__DATA FOR REVIEW__
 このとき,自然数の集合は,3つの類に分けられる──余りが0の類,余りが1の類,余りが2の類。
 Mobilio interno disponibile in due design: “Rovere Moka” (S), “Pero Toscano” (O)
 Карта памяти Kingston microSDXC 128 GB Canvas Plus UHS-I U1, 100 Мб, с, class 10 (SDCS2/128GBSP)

---

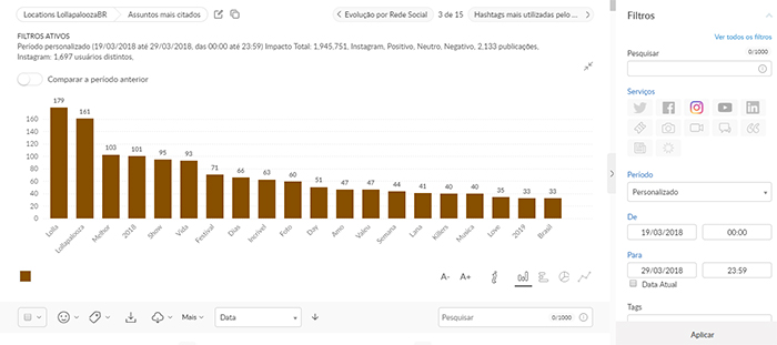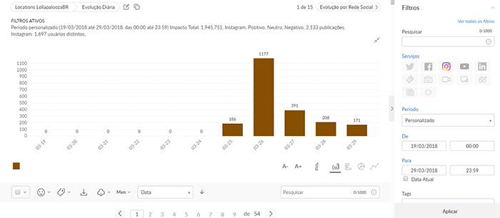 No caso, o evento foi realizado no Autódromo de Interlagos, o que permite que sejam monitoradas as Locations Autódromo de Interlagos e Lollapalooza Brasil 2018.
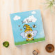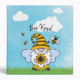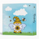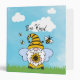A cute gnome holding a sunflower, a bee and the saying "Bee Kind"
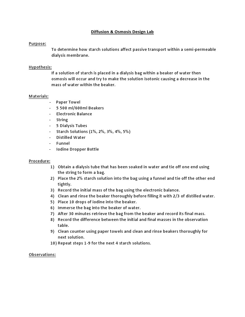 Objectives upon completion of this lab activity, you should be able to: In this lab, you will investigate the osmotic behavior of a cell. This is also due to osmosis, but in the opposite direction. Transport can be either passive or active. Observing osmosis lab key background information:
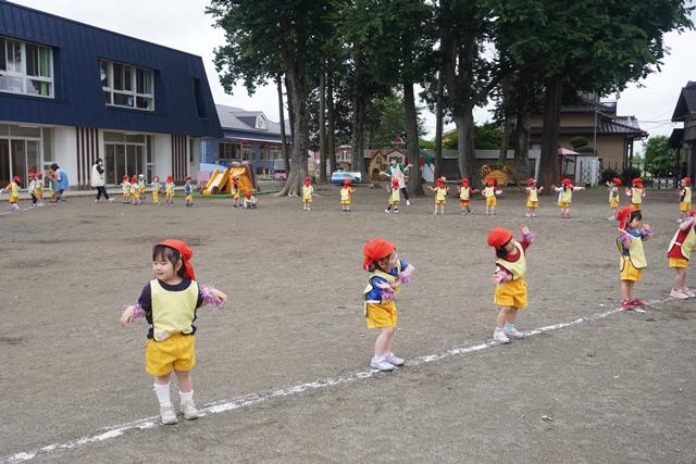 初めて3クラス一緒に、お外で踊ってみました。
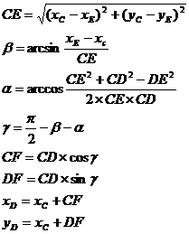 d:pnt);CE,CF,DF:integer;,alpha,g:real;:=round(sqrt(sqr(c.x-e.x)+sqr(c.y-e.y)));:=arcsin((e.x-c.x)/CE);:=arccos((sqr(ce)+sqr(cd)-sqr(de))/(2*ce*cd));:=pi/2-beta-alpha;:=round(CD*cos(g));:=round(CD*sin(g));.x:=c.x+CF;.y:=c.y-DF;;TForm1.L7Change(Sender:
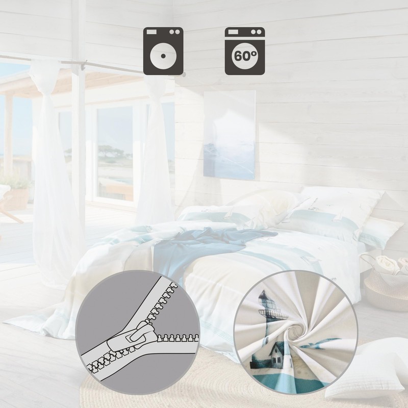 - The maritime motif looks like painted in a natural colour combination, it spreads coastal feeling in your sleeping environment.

__WHAT THE TASK REQUIRES__
I'd like the lines above from the one with "このとき,自然数の集合は,3" up to and including the one with "Карта памяти Kingston" copied exactly, with no other lines.

__TASK SOLUTION__
 このとき,自然数の集合は,3つの類に分けられる──余りが0の類,余りが1の類,余りが2の類。
 Mobilio interno disponibile in due design: “Rovere Moka” (S), “Pero Toscano” (O)
 Карта памяти Kingston microSDXC 128 GB Canvas Plus UHS-I U1, 100 Мб, с, class 10 (SDCS2/128GBSP)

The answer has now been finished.